Introduction
This is part of a series in which I document my quest to understand artificial intelligence. I come from a very strong technical background. However, artificial intelligence is architected so differently than traditional computing that I had to almost start all over again. That is why my understanding and attitude towards artificial intelligence continually evolves. This article is based upon my current understanding of LLM Capabilities and limitations.
This blog is written for executives, technical sales people, and other individuals who are interested in large language models and artificial intelligence. It is not written for machine language engineers, or AI engineers or others who are deeply involved with the technology. However, they may benefit from the business and other non-technical insights from this article.
I want to be very clear that I am not an artificial intelligence engineer. However, I do have an extensive technical background in network engineering and cloud development. The information that I am presenting, I have learned from online classes and YouTube university. I believe that its accurate, however, things are changing so fast you never know how long your current assumptions will be accurate. I hope that you can use some of these insights in your own journey towards understanding this rapidly evolving new technology
ChatGPT, Meta, Gemini, Grok and DeepSeek are instances of large language models. These are the darlings of artificial intelligence. However, it’s important you know their limitations.
Following sections will detail some of the major considerations you need to take into account when dealing with a large language model
No persistent memory.
Have you ever seen the movie Memento? The protagonist has a condition that makes him unable to remember anything that occurred after the condition set in. This means he has no ability to take short term memory and write it into long-term memory. His baseline memories will always be the last ones prior to the condition occurring. This is the way large language models work. They remember nothing beyond their last training or fine-tuning.

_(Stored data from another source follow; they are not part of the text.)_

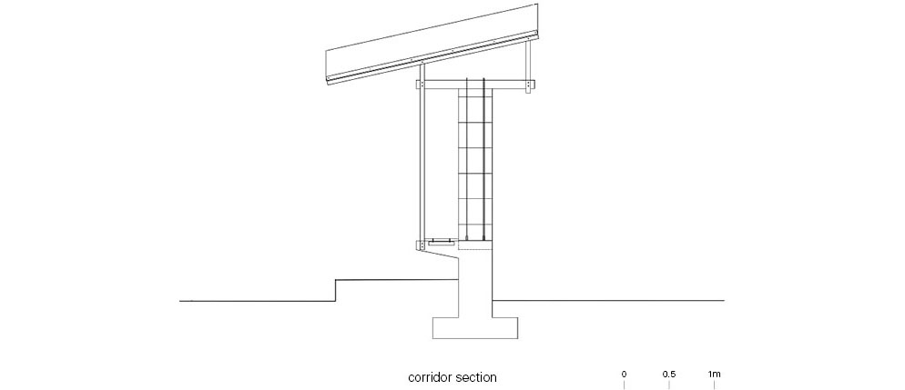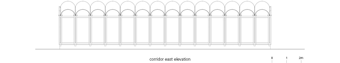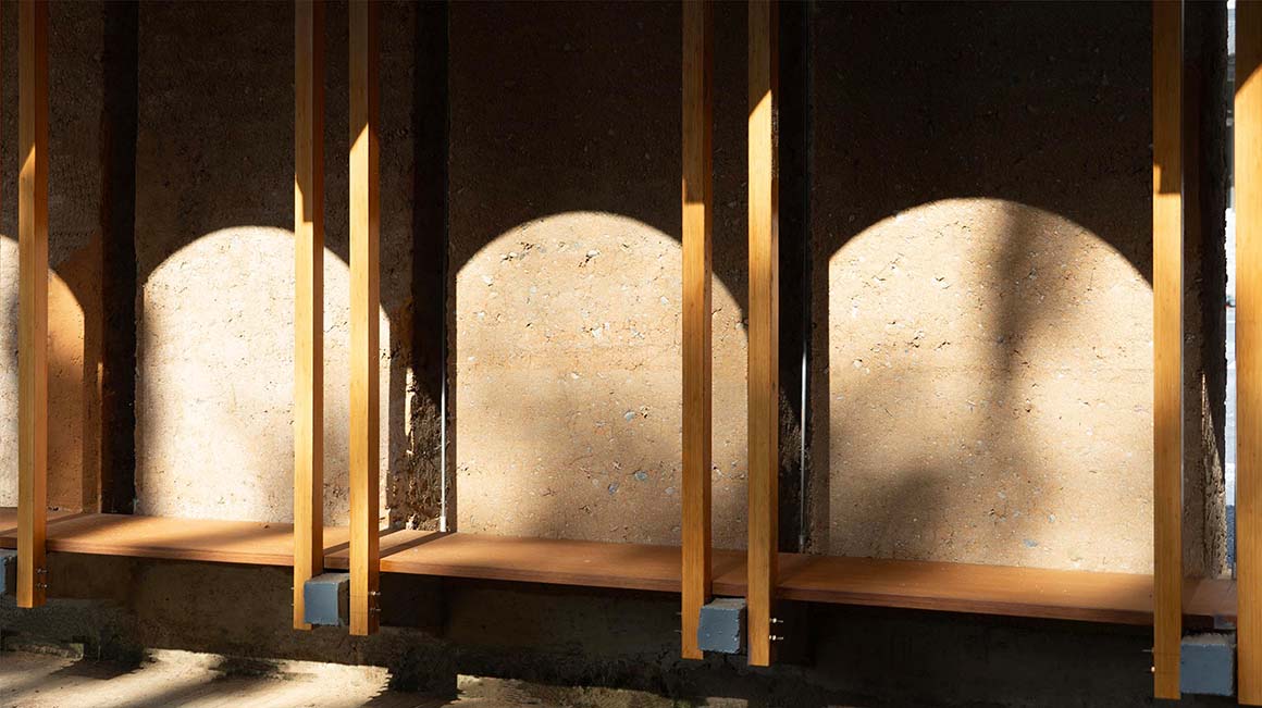 The structure places rammed earth walls on concrete piers, with bamboo beams and columns set above them. Bamboo, concrete beams, and steel columns support the earth walls, while steel beams and a wooden arched roof sit above. The cantilevered arched roof extends outward to establish structural balance, while the heaviness of concrete, the thickness of rammed earth, the lightness of bamboo, the fineness of steel, and the mass of wood create visual tension through contrast. Different materials transmit forces step by step to form a single structural system. The space is composed of repeating units. Arranged in a row, the units form a passageway that creates a boundary allowing movement between inside and outside. In a second phase, a vertical tower will be added to expand the spatial composition vertically.
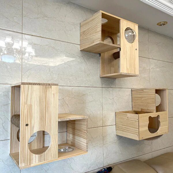 arbre a chat Cadre d’escalade pour chat en bois massif, fournitures pour Villa, maison, jouets, litière
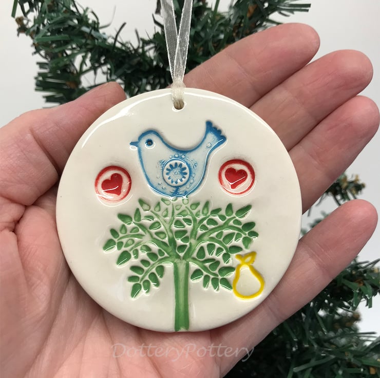 Partridge in a pear tree ceramic Christmas decoration Pottery decoration Xmas
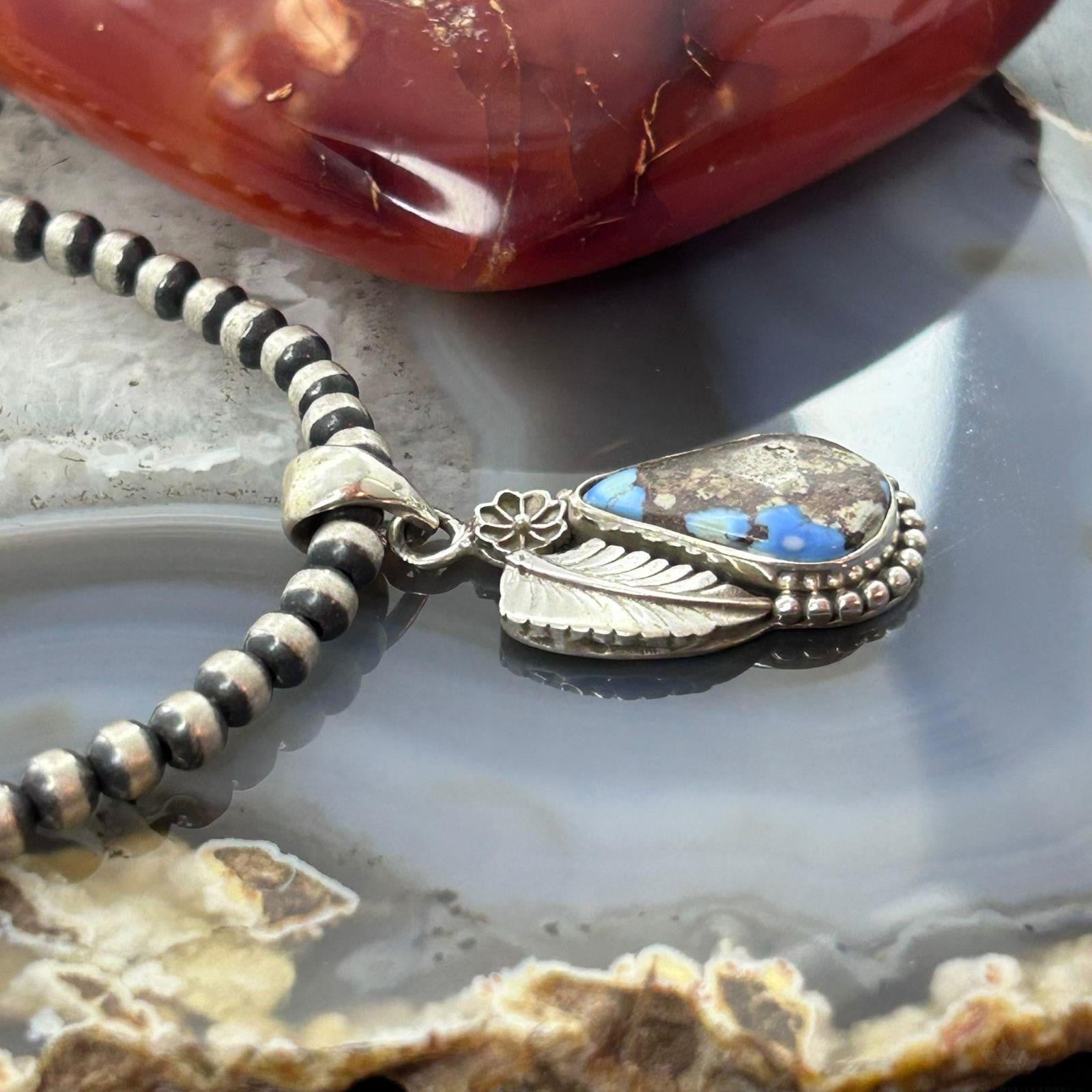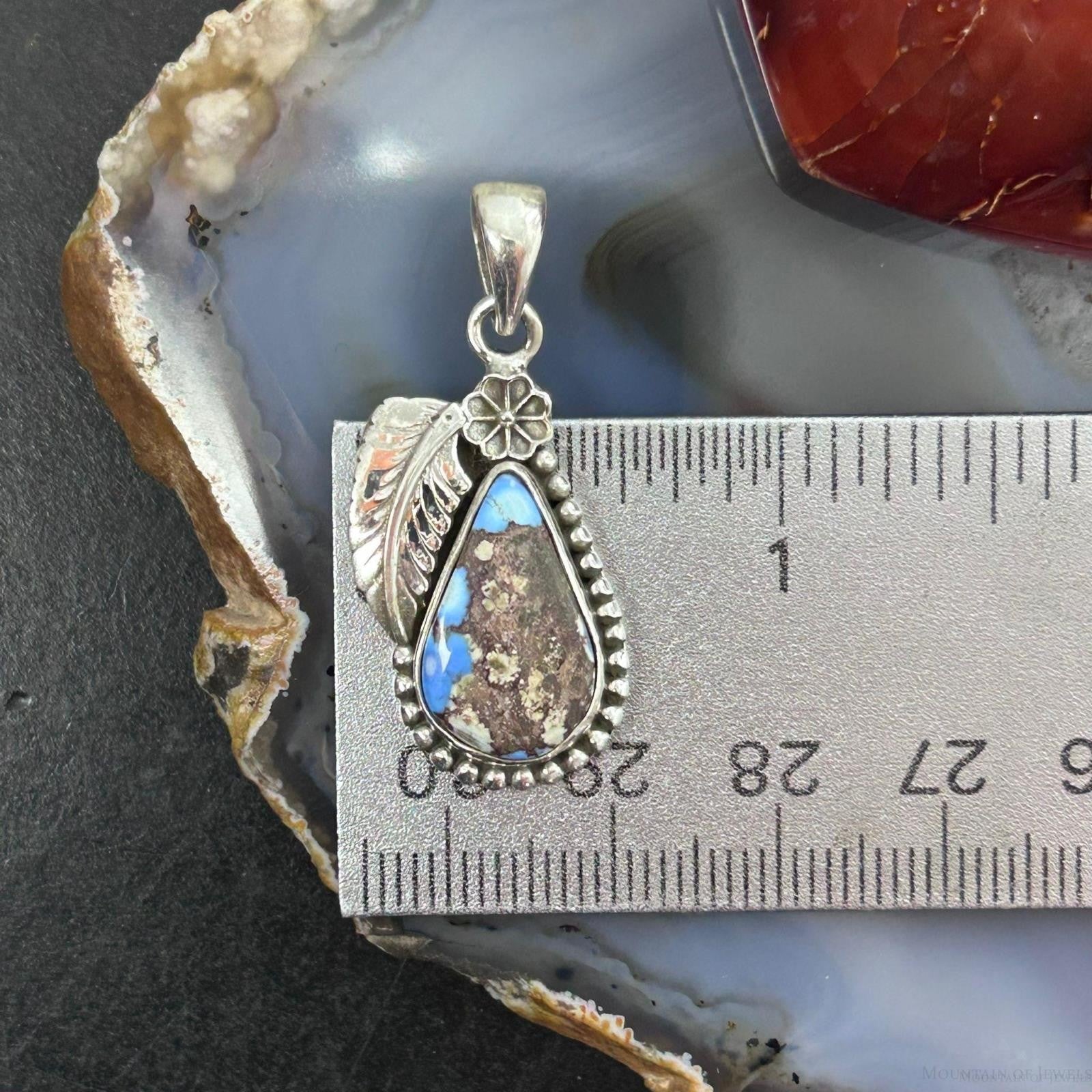 Sterling Silver Southwestern Style Teardrop Golden Hill Turquoise Leaves Pendant For Women
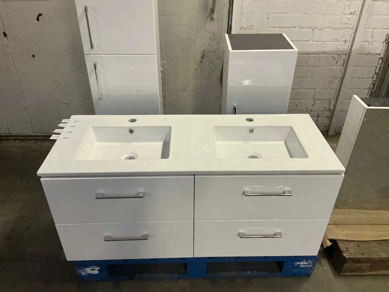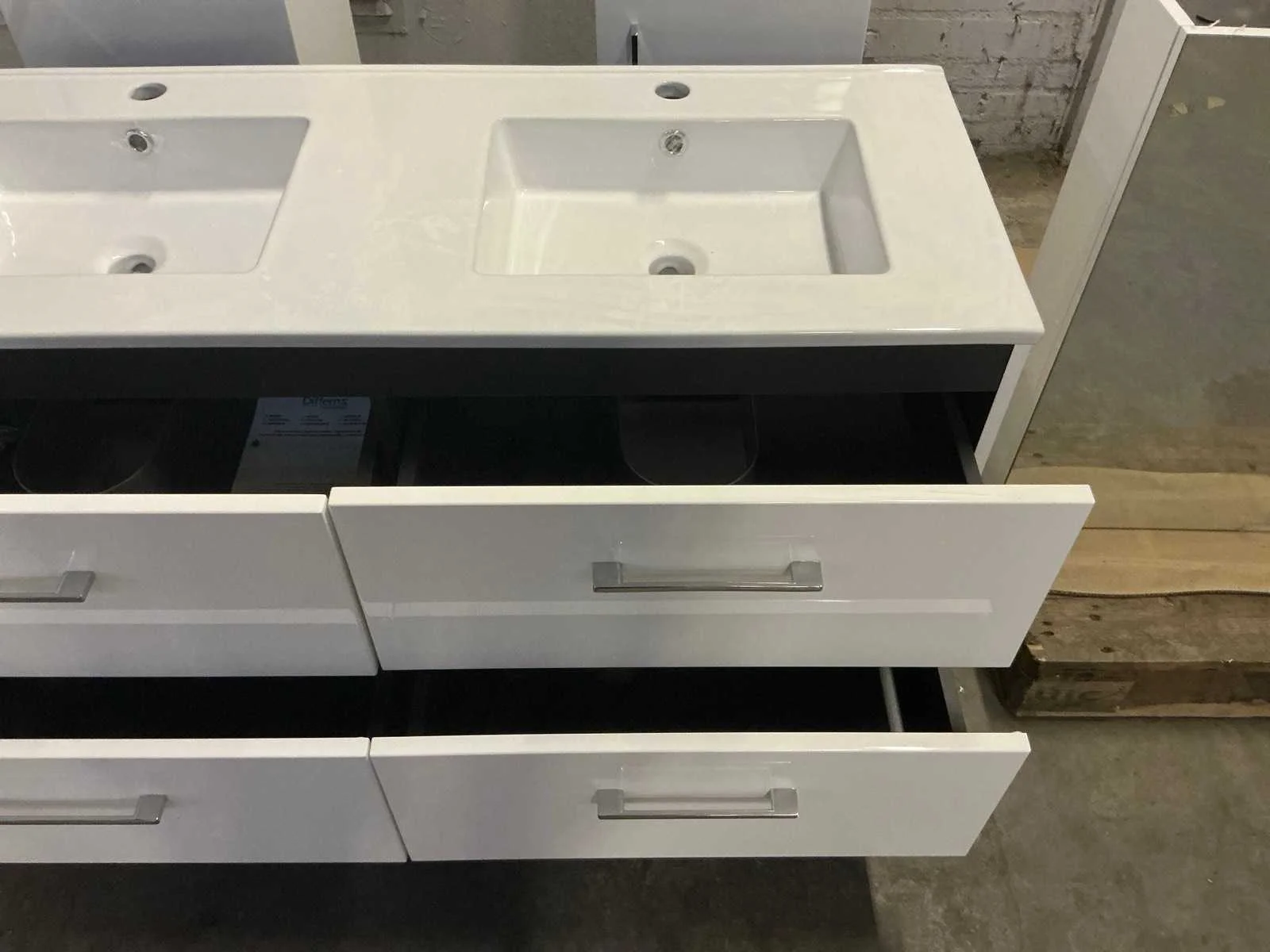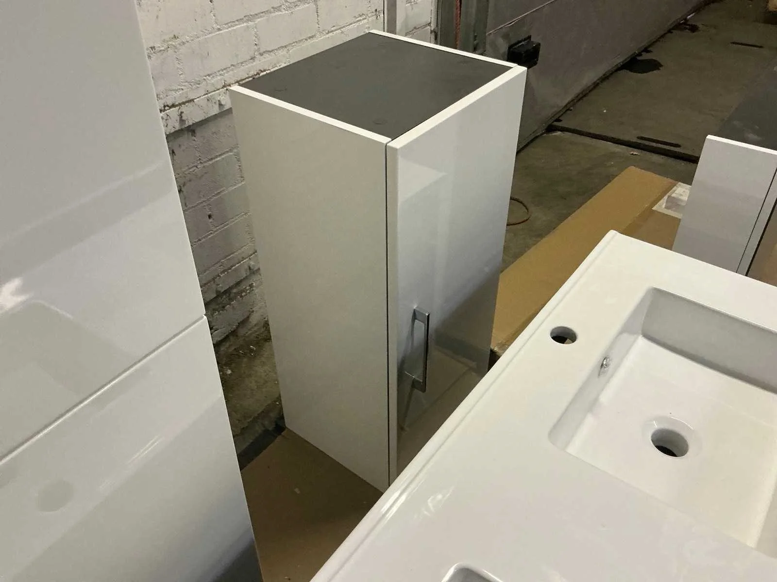 Bestaande uit duo wastafel 120cm, hangkast hoog 35x35x160cm, hangkast laag 35x35x80cm, spiegelkast 120x70cm. Zowel Chrome als zwarte handgrepen aanwezig. Merk: Differnz Breedte: 120cm Kleur: Glans wit Spiegelkast: true Onderkast: 120x52cm Lades: 4 Softclose: true
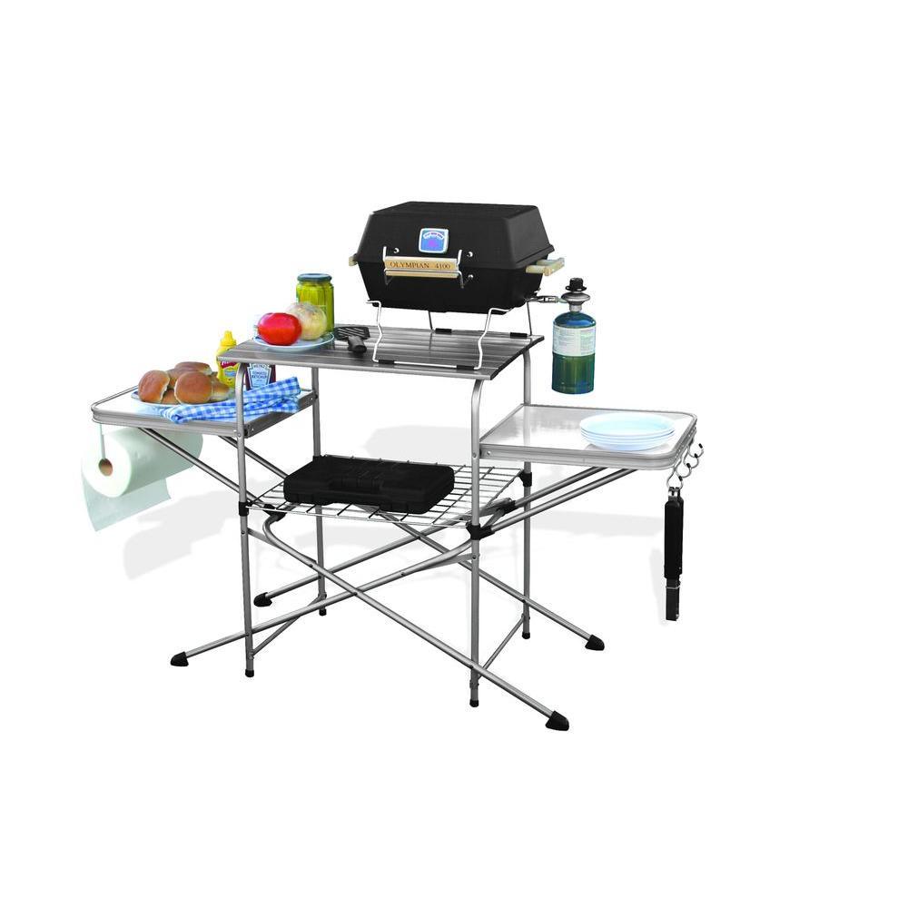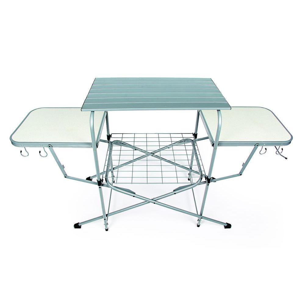 The Deluxe Folding Grilling Table is a must-have accessory for any tailgating party or camping trip. This spacious grilling table has a lightweight, high strength steel frame and an aluminum table top. The table is quick and easy to set-up.

This means that every time you start a new conversation with one of the large language models, you are starting from Ground Zero. They are not remembering that heartfelt conversation that you had about whatever it is you were talking to them about. They’re not keeping a history of your conversations so that they can build upon them for future answers. Everything you ask them starts from scratch.
The lack of persistent memory requires users to create external structures to be able to fully utilize the large language models in their daily business operations. There are methods that can make up for this lack of persistent memory, and they require external infrastructure. There are many businesses being built to provide that infrastructure for integration into daily operations. I will go into more detail about this in a future blog. However, just be aware that any AI agents, chat bots and other applications that require historical memory will require external infrastructure.
Prediction Engine
A large language model is basically a prediction engine. The answers you receive from any prompts are the result of the large language model using statistical engines to predict the next word of a string. The answer you receive is the LLMs best prediction of of the statistical pattern that matches the initiating prompt.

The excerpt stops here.